Causes of Tearing by Age

If a patient has true epiphora, you can predict the type of blockage based on the patient’s age ( Figure 10.3 ). The following list is a great place to start for diagnosing the cause of lacrimal obstruction:

  • Children: congenital NLD obstruction

  • Young adults: trauma (canalicular laceration or facial trauma); canalicular disease (usually, postherpetic viral cause)

  • Middle-aged adult: dacryolith (usually, recurrent episodes of epiphora)
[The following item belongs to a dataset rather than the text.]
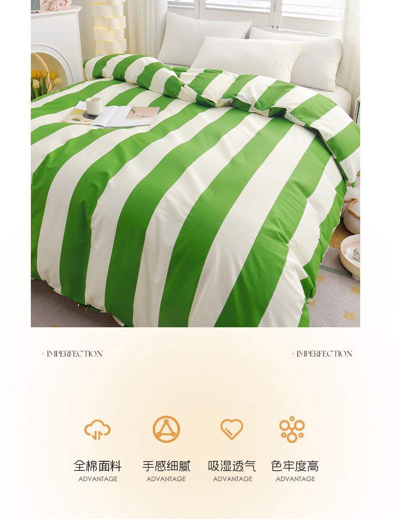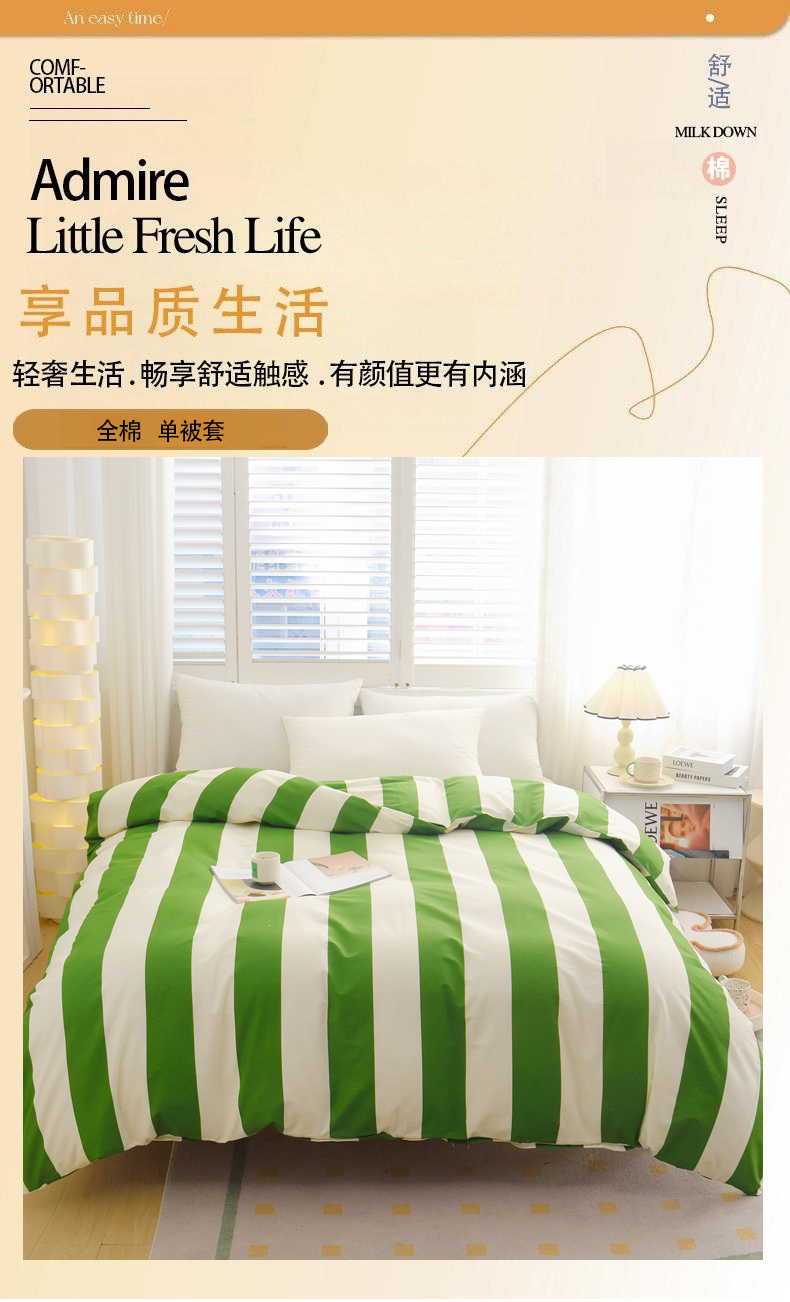 (总)启优 新款全棉被套纯棉被套小清新纯色全棉单件被套,黑白条纹,黑绿条纹,林西红,林西绿,秘境粉,秘境黑,秘境灰,秘境桔,秘境绿,七彩条纹,条纹紫绿,五彩世界

  • Older adults: primary NLD obstruction

Figure 10.3, The diagnosis of tearing by age. ( A ) A child with congenital NLD obstruction. ( B ) A young adult with canalicular obstruction caused by viral conjunctivitis (the other cause in this age group is trauma). ( C ) A middle-aged woman with recurrent tearing resulting from a dacryolith. ( D ) An older adult with tearing caused by primary acquired NLD obstruction.

Children

A child who is seen with a tearing eye, often associated with mattering, has a congenital NLD obstruction until proven otherwise. This obstruction presents in the first month or two of life. In some children the mattering is present throughout the day and in others the mattering may be present only upon wakening. The cause of the obstruction is a congenital membrane occurring at the valve of Hasner. In more than 90% of children, this membrane ruptures spontaneously within the first year of life. Acute dacryocystitis can occur but is rare.
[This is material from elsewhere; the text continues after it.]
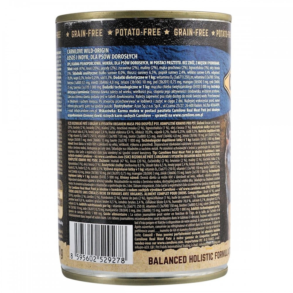 Склад: індичка (47%), лосось (20%), чорниця (2%), журавлина (2%), малина (2%), горохова борошно (2%), лігноцелюлоза (1%), лососевий жир (1%).
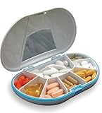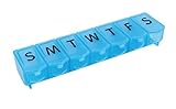 7 Day Pill Box Organizer 2 Compartment Blue Tray- ...

Young Adults: Canalicular Disease or Trauma

When a young adult is seen with epiphora, the cause is usually related to canalicular obstruction or trauma. Canalicular obstruction can occur after viral conjunctivitis. Often this obstruction is in all four canaliculi, causing complete scarring of each canaliculus. In other patients, traumatic lacerations of the eyelid may be associated with canalicular lacerations. In these patients, the obstruction is usually focal and in one canaliculus. Facial fractures may cause damage to the NLD, but obstruction is less common that you might expect. As you might expect, trauma is more common in young men than in young women.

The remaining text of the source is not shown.